35 Counsel for Hanave sought to focus on events after Hanave's purchase of the property from another perspective. It was submitted that because Barbara's Storehouse left shops 1 and 2 and moved to a smaller shop within eight months of the date of the contract, and then a further four months later ceased to pay any rent, it was appropriate not only to have regard to these events but also to discount entirely the rents reserved under the lease to the extent they exceeded market rents. The relevant valuation, it was submitted, was that based on the market rents and reference was made to the judgment of Lehane J in Flemington v Raine & Horne (1997) 148 ALR 271 especially at 311. Barlow's valuation on this basis was $1,306,958 and Howse's was $1,367,769. That approach, however, appears to ignore entirely the existence of the leases requiring the payment of rents in excess of the market rents.

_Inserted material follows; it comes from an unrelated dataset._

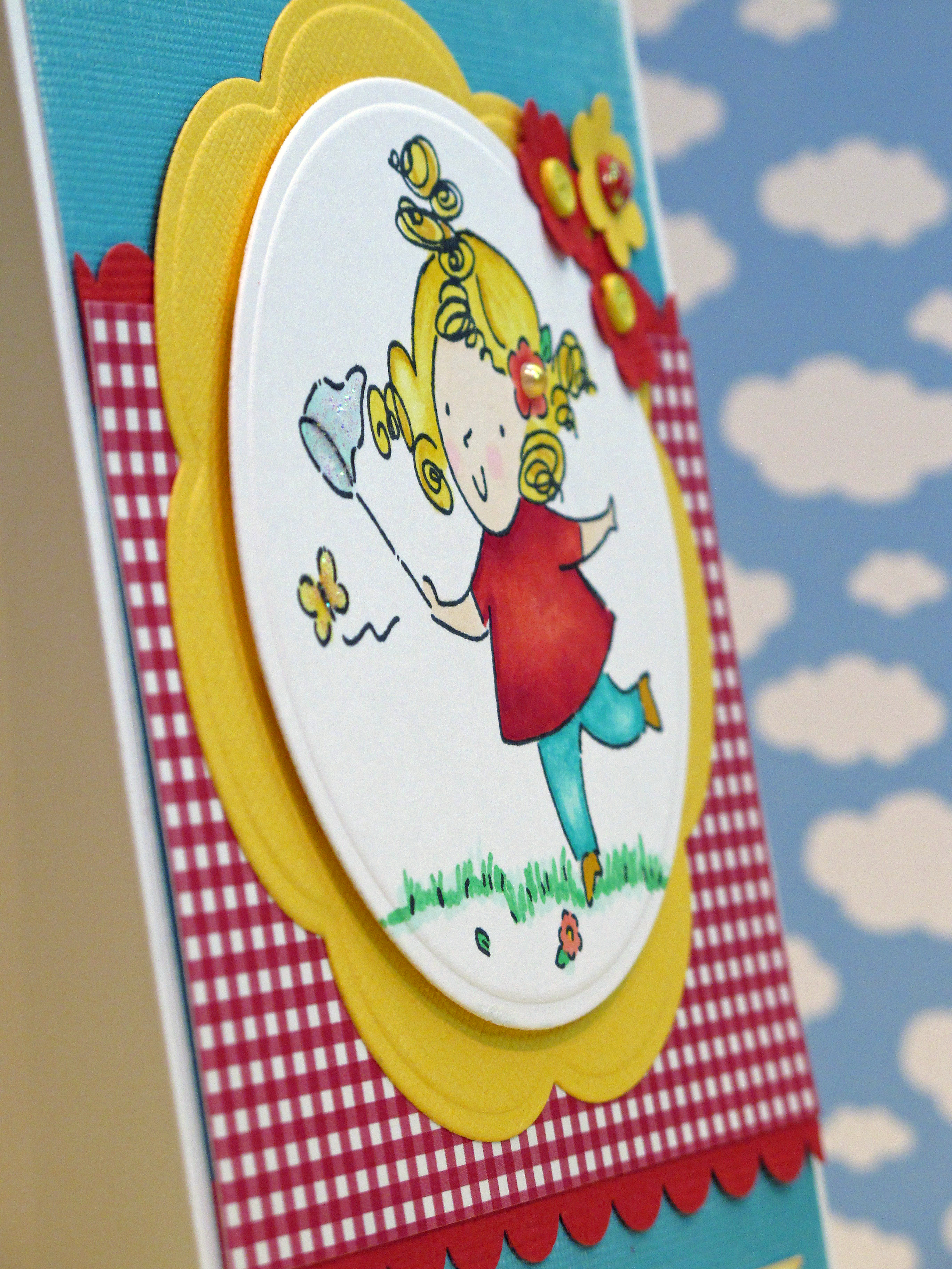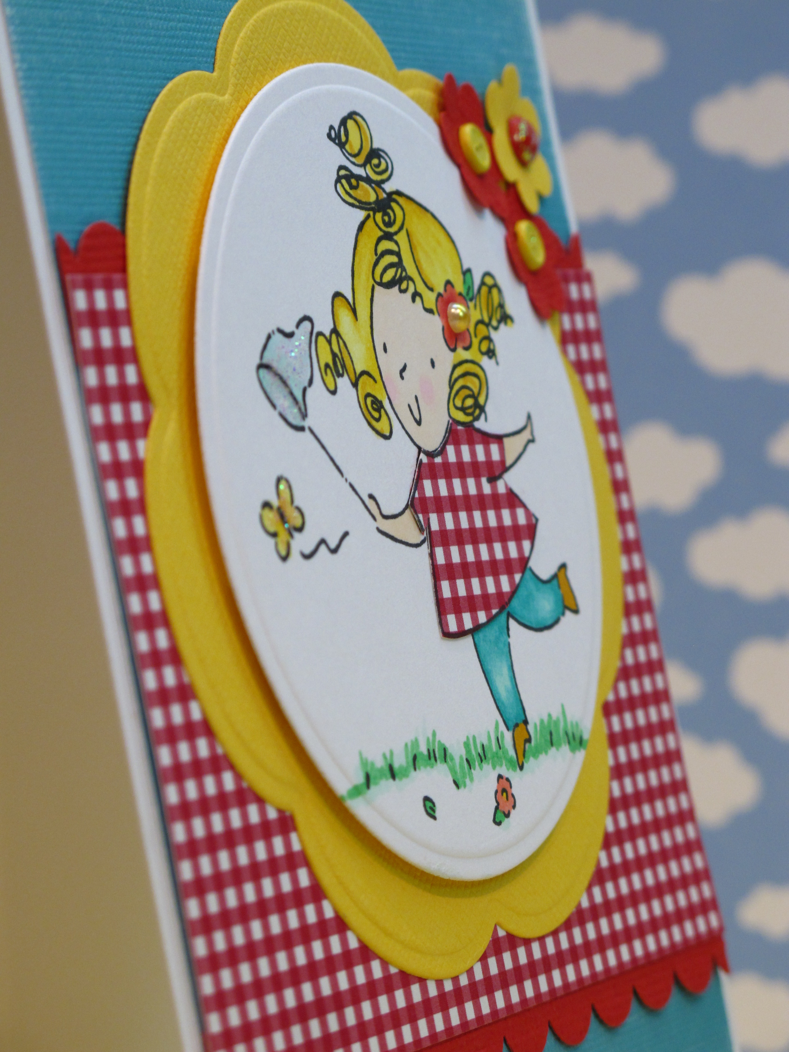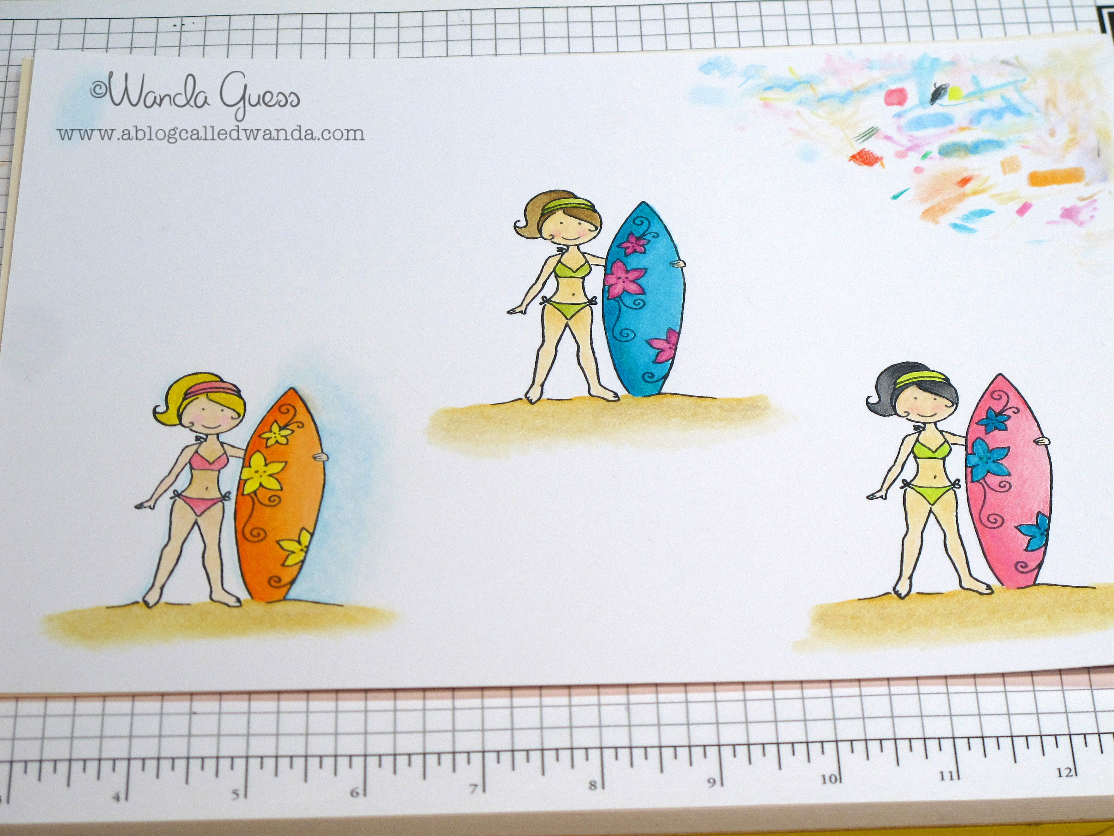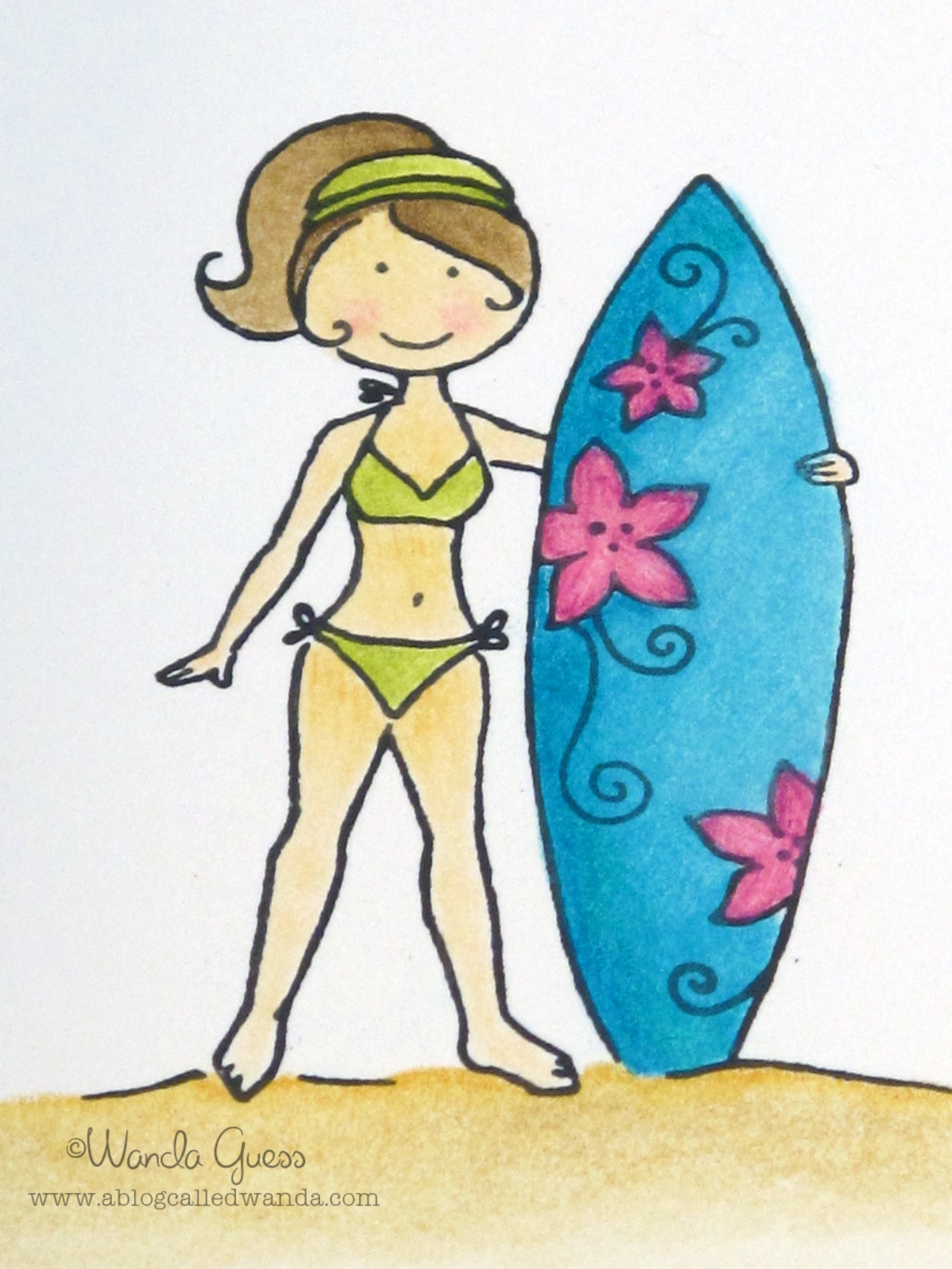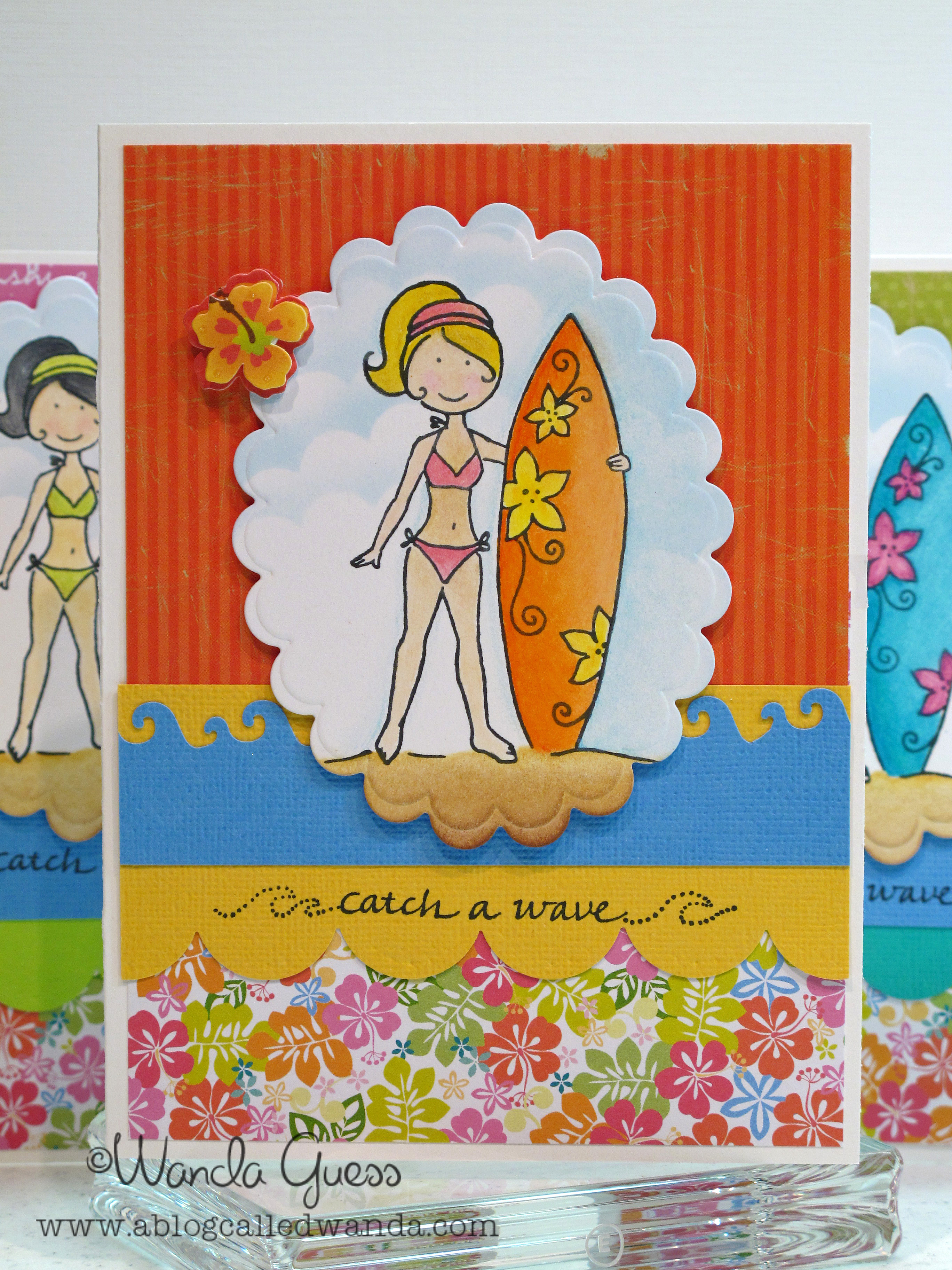 Okay, kids, this is it! The last post of Summmmmmer! I probably won't have time to post tomorrow and then Wednesday we're switching the old bloggy blog over to Fall. I made these cute cards last week and am finally getting around to posting them. it all started when dear, sweet Teadub gave me this uber cute surfer girl stamp from Elzybels! Then…three hours of coloring…then some FUN tropical paper…and here they are…surfer girl beauties!

36 Some balance has to be struck between the approaches of the two valuers in determining Hanave's loss, though there is an element of imprecision in that balancing process: see Spencer v The Commonwealth (1907) 5 CLR 418 at 442, and Magenta Nominees Pty Ltd v Richard Ellis (Western Australia) Pty Ltd [1995] FCA 671. I assess the loss suffered by Hanave as $750,000. Damages in this sum should be awarded.
Costs
37 On one view order 4 made by the Full Court deals with the costs of the hearing before me to the point where I gave judgment on 31 August 1998. Thus, on that view, the only costs in relation to the cross-claim, in which the cross-claimants have substantially succeeded, I need to consider would be the costs of the directions hearing on 6 May 1999 and the preparation of the written submissions. However the cross-claimants have sought an opportunity to make submissions on costs. Any such submissions, from any party, should be filed and served within 21 days of today.
I certify that the preceding thirty seven (37) numbered paragraphs are a true copy of the Reasons for Judgment herein of the Honourable Justice Moore.